» **What is expected**
From the data below, repeat exactly the lines from the line with "熱收縮機采用的進口材料,保證" to the line with "26 000 ₽ от", both included.

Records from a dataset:
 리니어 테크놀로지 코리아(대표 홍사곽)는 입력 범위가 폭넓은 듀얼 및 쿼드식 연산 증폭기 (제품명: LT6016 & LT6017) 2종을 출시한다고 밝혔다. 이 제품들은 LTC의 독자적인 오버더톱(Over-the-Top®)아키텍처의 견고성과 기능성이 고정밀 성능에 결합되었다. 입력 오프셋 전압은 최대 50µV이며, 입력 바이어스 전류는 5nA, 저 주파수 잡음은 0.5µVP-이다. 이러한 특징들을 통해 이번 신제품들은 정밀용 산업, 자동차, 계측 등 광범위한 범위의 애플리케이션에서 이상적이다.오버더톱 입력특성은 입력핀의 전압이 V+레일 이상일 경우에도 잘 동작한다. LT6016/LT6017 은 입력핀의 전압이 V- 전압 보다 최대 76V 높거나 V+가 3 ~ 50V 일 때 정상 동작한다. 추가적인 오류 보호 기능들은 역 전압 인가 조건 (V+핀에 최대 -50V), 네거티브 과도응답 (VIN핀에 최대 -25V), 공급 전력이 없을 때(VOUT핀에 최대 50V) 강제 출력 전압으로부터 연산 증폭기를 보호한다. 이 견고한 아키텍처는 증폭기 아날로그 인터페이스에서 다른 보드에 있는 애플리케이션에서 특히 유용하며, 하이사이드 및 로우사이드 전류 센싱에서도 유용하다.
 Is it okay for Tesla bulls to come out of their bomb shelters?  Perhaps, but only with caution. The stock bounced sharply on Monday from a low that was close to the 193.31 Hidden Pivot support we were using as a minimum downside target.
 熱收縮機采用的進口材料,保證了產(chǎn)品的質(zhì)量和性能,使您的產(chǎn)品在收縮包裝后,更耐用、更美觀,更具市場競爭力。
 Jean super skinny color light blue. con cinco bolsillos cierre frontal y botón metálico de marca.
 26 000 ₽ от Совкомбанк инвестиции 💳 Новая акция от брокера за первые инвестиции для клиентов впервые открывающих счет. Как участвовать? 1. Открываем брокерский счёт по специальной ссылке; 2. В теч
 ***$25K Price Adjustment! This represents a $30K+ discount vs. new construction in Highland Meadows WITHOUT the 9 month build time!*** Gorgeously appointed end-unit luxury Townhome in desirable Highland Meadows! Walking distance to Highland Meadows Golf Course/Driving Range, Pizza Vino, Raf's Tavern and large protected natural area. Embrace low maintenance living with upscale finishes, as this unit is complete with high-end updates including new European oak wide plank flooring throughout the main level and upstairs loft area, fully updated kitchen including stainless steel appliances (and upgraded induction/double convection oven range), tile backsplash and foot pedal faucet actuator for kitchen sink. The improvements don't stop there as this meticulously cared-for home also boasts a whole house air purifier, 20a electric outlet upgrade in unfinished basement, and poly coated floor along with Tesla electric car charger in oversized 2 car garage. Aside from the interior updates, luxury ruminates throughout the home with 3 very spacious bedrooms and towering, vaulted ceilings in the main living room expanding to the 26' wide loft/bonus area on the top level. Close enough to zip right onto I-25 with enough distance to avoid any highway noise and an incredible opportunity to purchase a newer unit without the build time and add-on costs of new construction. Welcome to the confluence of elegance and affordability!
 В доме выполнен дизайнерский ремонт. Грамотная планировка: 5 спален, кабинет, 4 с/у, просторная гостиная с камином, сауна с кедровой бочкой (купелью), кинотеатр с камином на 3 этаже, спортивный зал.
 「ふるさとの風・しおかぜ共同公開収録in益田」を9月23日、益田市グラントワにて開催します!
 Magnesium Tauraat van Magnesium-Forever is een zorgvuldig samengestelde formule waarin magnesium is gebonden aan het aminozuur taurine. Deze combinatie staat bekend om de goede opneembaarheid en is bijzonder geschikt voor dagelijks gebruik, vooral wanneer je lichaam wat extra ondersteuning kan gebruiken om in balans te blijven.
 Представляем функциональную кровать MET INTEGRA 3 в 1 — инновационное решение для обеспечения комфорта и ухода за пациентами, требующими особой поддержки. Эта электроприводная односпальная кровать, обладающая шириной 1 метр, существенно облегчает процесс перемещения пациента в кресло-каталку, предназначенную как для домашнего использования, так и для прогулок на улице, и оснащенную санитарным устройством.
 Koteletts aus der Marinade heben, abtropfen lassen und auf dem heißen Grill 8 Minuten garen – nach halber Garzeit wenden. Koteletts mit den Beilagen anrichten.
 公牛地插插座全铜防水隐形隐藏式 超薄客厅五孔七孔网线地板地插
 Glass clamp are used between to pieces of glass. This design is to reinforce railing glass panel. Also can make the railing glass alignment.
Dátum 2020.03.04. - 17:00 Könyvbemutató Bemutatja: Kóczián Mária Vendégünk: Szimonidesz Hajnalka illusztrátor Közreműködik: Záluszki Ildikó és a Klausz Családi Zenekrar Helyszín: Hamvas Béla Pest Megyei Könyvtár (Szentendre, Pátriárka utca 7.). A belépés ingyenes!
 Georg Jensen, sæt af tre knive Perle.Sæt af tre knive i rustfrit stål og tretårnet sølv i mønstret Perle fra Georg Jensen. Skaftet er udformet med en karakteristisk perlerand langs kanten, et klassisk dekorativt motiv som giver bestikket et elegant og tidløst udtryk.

» **Completed task**
 熱收縮機采用的進口材料,保證了產(chǎn)品的質(zhì)量和性能,使您的產(chǎn)品在收縮包裝后,更耐用、更美觀,更具市場競爭力。
 Jean super skinny color light blue. con cinco bolsillos cierre frontal y botón metálico de marca.
 26 000 ₽ от Совкомбанк инвестиции 💳 Новая акция от брокера за первые инвестиции для клиентов впервые открывающих счет. Как участвовать? 1. Открываем брокерский счёт по специальной ссылке; 2. В теч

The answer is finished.